Pintu diketuk dua kali, dan bibi Darmi menjulurkan kepalanya ke dalam. Melihat Pak Mirza juga ada di sana, dia berteriak, "Tuan, kamar Nona sudah dibersihkan."
Pak Mirza , yang tidak punya kata kata untuk dijelaskan, dia mendengus berat, dan berdiri: "Dara ini benar-benar semakin buruk saja. Jangan takut, Sinta , Ayah akan pergi dan mendidiknya, Ayah akan berbicara padanya!"
Untuk mendidik?, pendidikan awal, kenapa menunggu sampai hari ini, kenapa tidak drai dulu.
Meskipun Sinta tahu bahwa langkah Pak Mirza tidak perlu, Sinta tidak menghentikannya, dan dia hanya berkata: "Saya akan beristirahat."
"Hei, tidurlah lebih awal. Tidur lebih awal baik untuk kulitmu."Ayahnya tersenyum dan berseru, "Produk perawatan kulit dan kosmetik apa yang hilang, kamu bisa berbicara dengan bibi Darmi?"
Sinta tidak mengatakan baik atau buruk, hanya mengangkat matanya untuk melihat Pak Mirza..

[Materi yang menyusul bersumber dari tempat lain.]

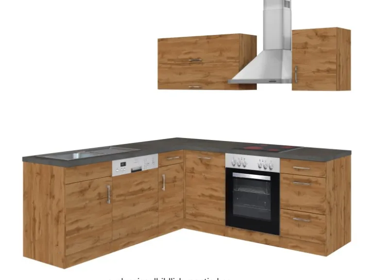 Die Küchenzeile wird Ihnen zerlegt und ohne Dekoration bis Bordsteinkante geliefert. Die Anordnung der Küchenelemente und die Anschläge der Türen sind somit für Sie frei wählbar. Die Arbeitsplatte wird ohne Ausschnitte geliefert. Technische Änderungen und Irrtümer vorbehalten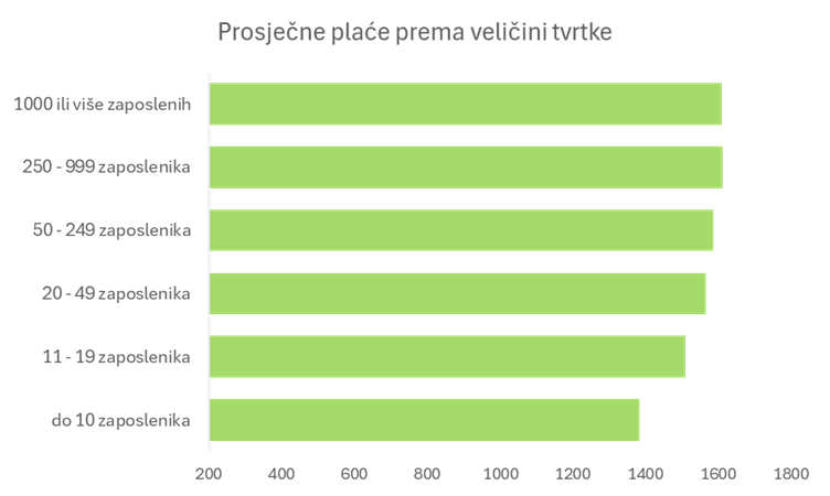 Na visinu plaće snažno utječe i veličina tvrtke. U najmanjim tvrtkama, s manje od 10 zaposlenih, prosječna plaća iznosi 1.383 eura, odnosno 10% ispod državnog prosjeka. Tvrtke s 10–19 zaposlenika nude nešto bolje primanje, 1.510 eura, što je 2% ispod prosjeka. Najviše plaće bilježe velike tvrtke, gdje zaposlenici u prosjeku zarađuju 1.611 eura neto (5% iznad prosjeka), a na godišnjoj razini to predstavlja rast od 22%.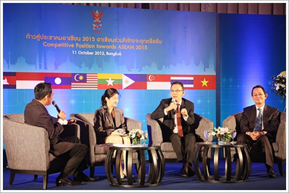 คุณจาฤก กัลย์จาฤก ที่ปรึกษาสถาบันกันตนา เข้าร่วมอภิปราย “ก้าวสู่ประชาคมอาเซียน 2015 อาเซียนร่วมใจไทยจะรุกหรือรับ”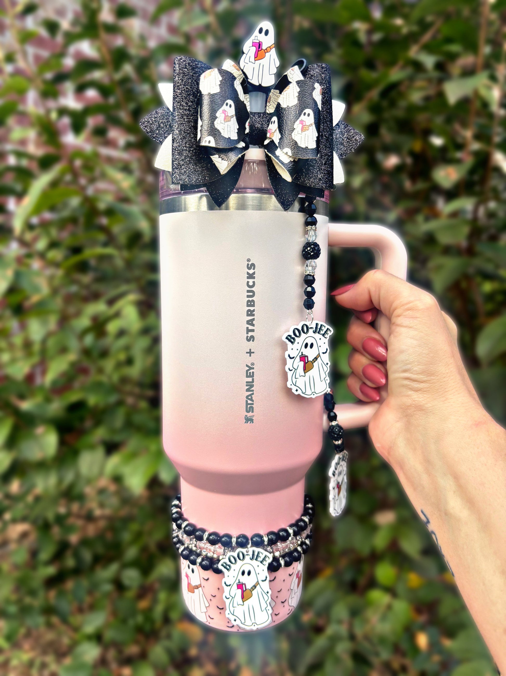 *Straw Dangle has acrylic attachment that slides down over straw which stays down and in place with a straw topper bow over the top. Fits 10mm straw. Spout option has loop to loop around spout.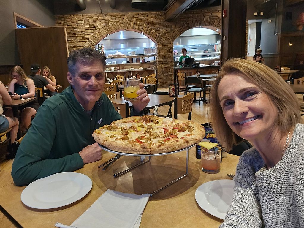 Vegan pizza, tempeh on all, half onions and pineapple and half caramel…
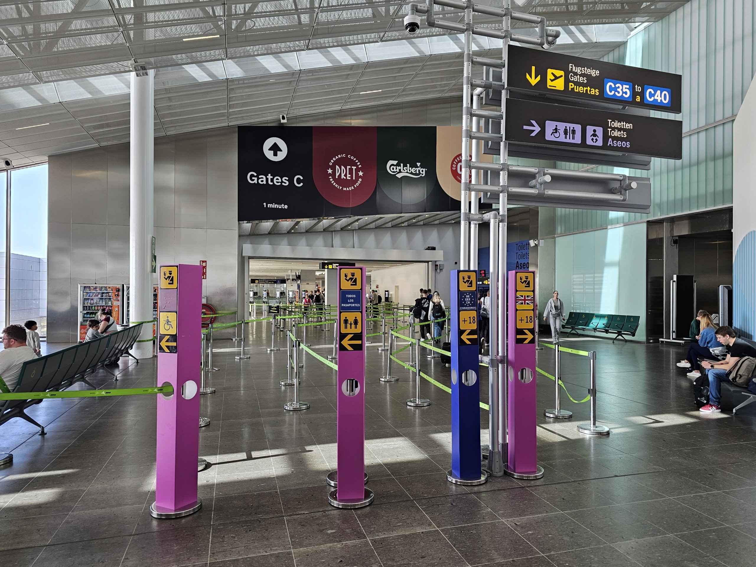 La separación entre vuelos Schengen y no Schengen tiene lugar detrás de un único control de seguridad común. Las puertas de embarque A1-A7, B9-B10 y C35-C40 están detrás del control de pasaportes y sólo están asignadas para salidas hacia países no Schengen.

Pak Mirza terlihat sedikit tidak nyaman, jadi dia berdiri tegak lagi dan berjalan mencari Dara untuk berbicara kepadanya tentang perlakuannya kepada Sinta.
Wajah Bibi Darmi menyanjung: "Nona, Apa kamu tidak pergi melihat kamar? saya sudah membersihkannya, atau Nona ingin sesuatu yang lain"
"Tidak perlu, Bibi Darmi, terima kasih atas kerja kerasmu,silahkan pergi tidur, aku akan berbicara dengan Haru." Kata Sinta.
Baru saat itulah Bibi Darmi menghilangkan keinginannya untuk menyanjungnya, dan membuka pintu untuk pergi.
Haru menarik Sinta dengan mata lebar penuh rasa panik, dia menggelengkan kepalanya berulang kali: "Tidak, tidak."
"Haru , jangan takut." Sinta berkata, "Dia bukan orang jahat, dia sangat baik padaku."
"Apakah kamu menyukainya?" Haru bertanya dengan serius.
Apakah kamu menyukainya?
Sinta berpikir sejenak dan berkata kepada Haru: "Aku tidak tahu, jika aku tidak menyukainya, aku akan menendangnya."
Dengan itu, dia membuat isyarat untuk menendang dengan kakinya.
Haru masih mengerutkan alisnya, dia meraih komputer kecil di samping, mengetik keyboard dengan cepat dengan jari, dan mengetik deretan kata dengan cepat.
"Kakak, aku akan tumbuh dewasa, aku bisa melindungimu, jangan tertipu oleh Ayah lagi."
Menekan tombol Enter, dia meletakkan komputer kecil di depan Sinta dan berkata dengan cemas: "Tidak, tidak!"
Di mata kepedulian saudara laki-lakinya, Sinta memiliki perasaan campur aduk di dalam hatinya, dan suara lembutnya juga mengungkapkan ketegasan: "Haru , jangan khawatir, saudara perempuanmu bukan orang bodoh dan tidak akan dibodohi lagi.
Entah itu ayahnya atau Rendi, dia tidak akan tertipu lagi.